Linux networking help needed: cannot SSH to another box

spanky

Lifer
Jun 19, 2001
25,716
4
81
Hi guys,

Please let me know if this isn't the correct forum to post. After the forum makeover, I get lost sometimes. Also, I'm not a linux guru by any means, so please excuse my novice terminology.

Here is a rundown of some servers i have at my disposal:

NEC1 - 10.10.10.100
NEC2 - 10.10.10.101
Dell - 10.10.10.102
DB - 10.10.10.22
FYI, 10.10.10.x is a private network with no DHCP (all IPs are statically assigned).

NEC1, NEC2, and Dell are fresh installs of RedHat EL4 ES Update4. When I installed NEC1, it was sitting on another DHCP-enabled LAN (10.1.127.x). After RH was installed, I was able to SSH, SCP, and ping to and from other servers without any issues.
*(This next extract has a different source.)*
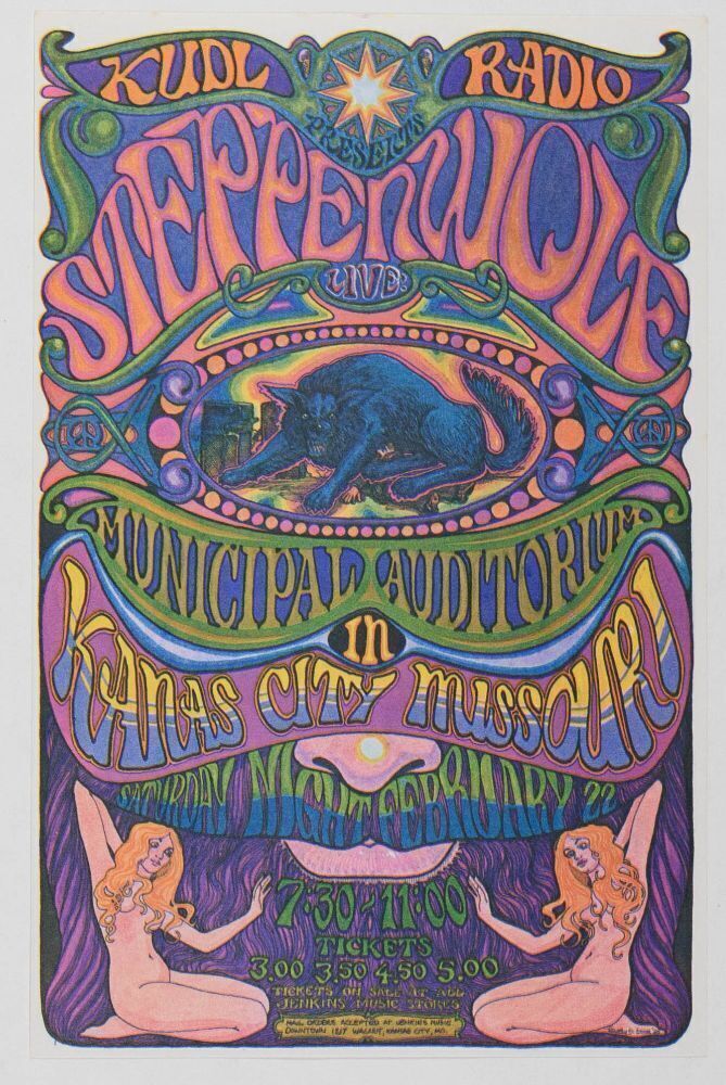 This original handbill was produced for a concert by Steppenwolf at the Kansas City Municipal Auditorium on February 22nd, 1969. The Canadian band was one of the more successful bands of the era, with huge paydays for the hits "Born to Be Wild" and "Magic Carpet Ride". The word Kansas on the poster is erroneously misspelled. This beautiful piece was designed by artist Timothy Dixon. Dixon also designed artwork on promo material for additional shows during the same year in New Haven, Houston, Minneapolis, and Providence.

Then I brought NEC1 over to the private LAN (10.10.10.x). I changed my "/etc/sysconfig/network-scripts/ifcfg-eth0" file from:

DEVICE=eth0
BOOTPROTO=dhcp
HWADDR=xx:xx:xx:xx:xx:xx
ONBOOT=yes
TYPE=Ethernet
USERCTL=no
IPV6INIT=no
PEERDNS=yes


to

DEVICE=eth0
BOOTPROTO=none
BROADCAST=10.10.10.255
HWADDR=xx:xx:xx:xx:xx:xx
IPADDR=10.10.10.101
NETMASK=255.255.255.0
NETWORK=10.10.10.0
ONBOOT=yes
TYPE=Ethernet
USERCTL=no
IPV6INIT=no
PEERDNS=yes


I used the "/etc/sysconfig/network-scripts/ifcfg-eth0" file from the DB server as a template. The DB server has been up on the network for a while, and I have not had any difficulties with it before. Thus, I assume its good and used its ifc-cfg-eth0 file for a template.

After I changed the ifcfg-eth0 file from NEC1, I did a "service network restart". NEC1 can ping DB, and DB can ping NEC1. NEC1 cannot SSH to DB, but DB can SSH into NEC1. After a long delay, the following is the error msg I get when I try to SSH from NEC1 to DB:

ssh_exchange_identification: read: Connection reset by peer

When I installed RH, I disabled the firewall. I still checked to see if it was up, by running "service iptables status". It returms "Firewall is stopped".

I googled the error msg, but I wasn't able to make much of it. I thought maybe I screwed up something with the networking, so I brought up NEC2. I installed RH on that box, and it never touched the 10.1.127.x network. As soon as the OS was installed, I stuck a static IP on him, but it everything was exactly the same as NEC1.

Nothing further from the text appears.